Ketosis refers to the metabolic processes activated following starvation or extreme reductions in carbohydrate intake, leading to the accumulation of ketone bodies in circulation for alternate energy supply and sustenance of normal organ functioning.31 A ketogenic diet (KD) aims at inducing ketosis by limiting carbohydrate intake to below 30–40 g/day while supplying a significant amount of fat (>60% of energy demand) and sufficient protein.31 In preclinical models of aggressive cancer, KD led to defined changes in gut microbial composition and reduced tumor growth in a T cell-dependent manner – an effect that could be recapitulated with 3-hydroxybutyrate (3HB), the bioactive metabolite of KD.32 Metabolically interfering with KD by either co-supplementing sugar or antagonizing the receptor for 3HB (i.e., GPR109A) abrogated tumor growth retardation by KD.32 In mice unresponsive to ICB, KD or supplementation with 3HB restored therapeutic efficacy, thus showing synergy with ICB.32 The ICB re-sensitizing effects of KD could be mechanistically explained by the 3HB-mediated expansion of a specific T cell subset and prevention of PD-L1 upregulation on myeloid-lineage immune cells.32 A similar effect of KD was also independently reported.
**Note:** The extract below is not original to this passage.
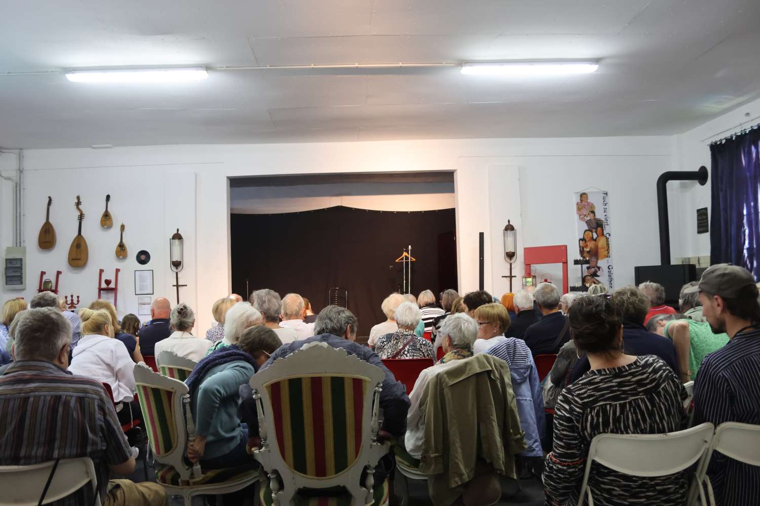 Wie kommt nun ein so bekannter Künstler nach Bad Belzig? So einfach hätte Gerlinde Kempendorff, erste Vorsitzende des Vereins KiM e.V. – Kultur im Mühlenhölzchen, sich nicht getraut, den gefeierten Künstler anzuschreiben. Aber ihr kam der Zufall zur Hilfe, wie sie in ihren Begrüßungsworten erzählte. Sie war mit ihrem Mann zu den Sommermusiktagen in Schmerwitz, wo auch ein Quartett mit einem Clown auftrat.

Specifically, Dai and coworkers showed that KD affects energy status, decreasing PD-L1 protein abundance through AMPK-dependent serine phosphorylation and subsequent degradation.33 In parallel, KD-induced energy deprivation increases the expression of genes related to immune effector function and antigen presentation, thus altogether acting to foster ICB response and efficacy.33

Evidence also suggests that a high-fiber diet (HFD) may positively influence anticancer immunity and the response to ICB.34 In a study on 128 patients with melanoma, fiber intake of at least 20 g/day was associated with a higher likelihood of response to ICB and prolonged survival, especially when no commercial probiotic supplements were concomitantly used.35 Murine models confirmed this observation and showed that a higher dietary fiber intake fosters the accumulation of cytotoxic T cells in the TME and associates with a gene signature of T cell activation and effector function.35 In support, a prospective study on ICB-treated patients from different regions around the globe (i.e., Australia, Netherlands, United States) not only identified geographically-distinct microbial signatures of treatment response and immune-related adverse events (irAEs) but also found an association between ICB response and higher dietary fiber consumption.36 Mechanistically, HFD triggers type-I interferon production by intratumoral monocytes via microbiota-derived STING agonists, in turn regulating natural killer (NK) cell-dendritic cell (DC) crosstalk and sensitizing to ICB.37

A recurrent finding in the quest for microbial markers for ICB response prediction is that higher microbial diversity is associated with favorable treatment efficacy, possibly through mechanisms involving immunological cross-reactivity between cancer and microbial antigens.2,3,16,38,39 Therefore, it is reasonable to assume that diets that increase microbial diversity concomitantly support ICB efficacy. While the clinical testing of this hypothesis remains pending, a randomized prospective study recently showed that a fermented-food diet (FFD) consistently increased microbial diversity while reducing markers of inflammation and improving immune status.12 More microbial diversity may also be achieved through higher intake of polyunsaturated fatty acids. Specifically, a study on ICB-treated melanoma showed a positive association between omega 3 fatty acid consumption and microbial diversity, with omega 3 consumption above 250 mg/day further identifying patients responding to ICB therapy.36

These data collectively suggest that targeted changes in dietary behavior (e.g., CR/FMD, KD, HFD, FFD, omega 3 diets) may represent a valuable source of NPIs to support ICB response and long-term efficacy without a significant side effect profile (Figure 1).

Figure 1.

Figure 1.

Dietary interventions that support immune checkpoint blockade efficacy. emerging evidence suggests that particular diets widely regarded as healthy support the efficacy of ICB through modulation of specific host microbiomes and associated alterations in metabolism and immunity, ultimately fostering tumor immune surveillance. Positive effects on microbial diversity, anticancer immunity and/or ICB efficacy have been documented for high-fiber diets, calorie-restricted and fasting-mimicking diets, fermented foods diets, and ketogenic and omega 3-rich diets. Although dietary interventions do not raise particular safety concerns, certain patient populations should abstain from certain types of diets for obvious reasons (e.g., cachectic patients should not further restrict their calorie intake). abbreviations used: CR, calorie restriction; ICB, immune checkpoint blockade. Figure created with BioRender.com.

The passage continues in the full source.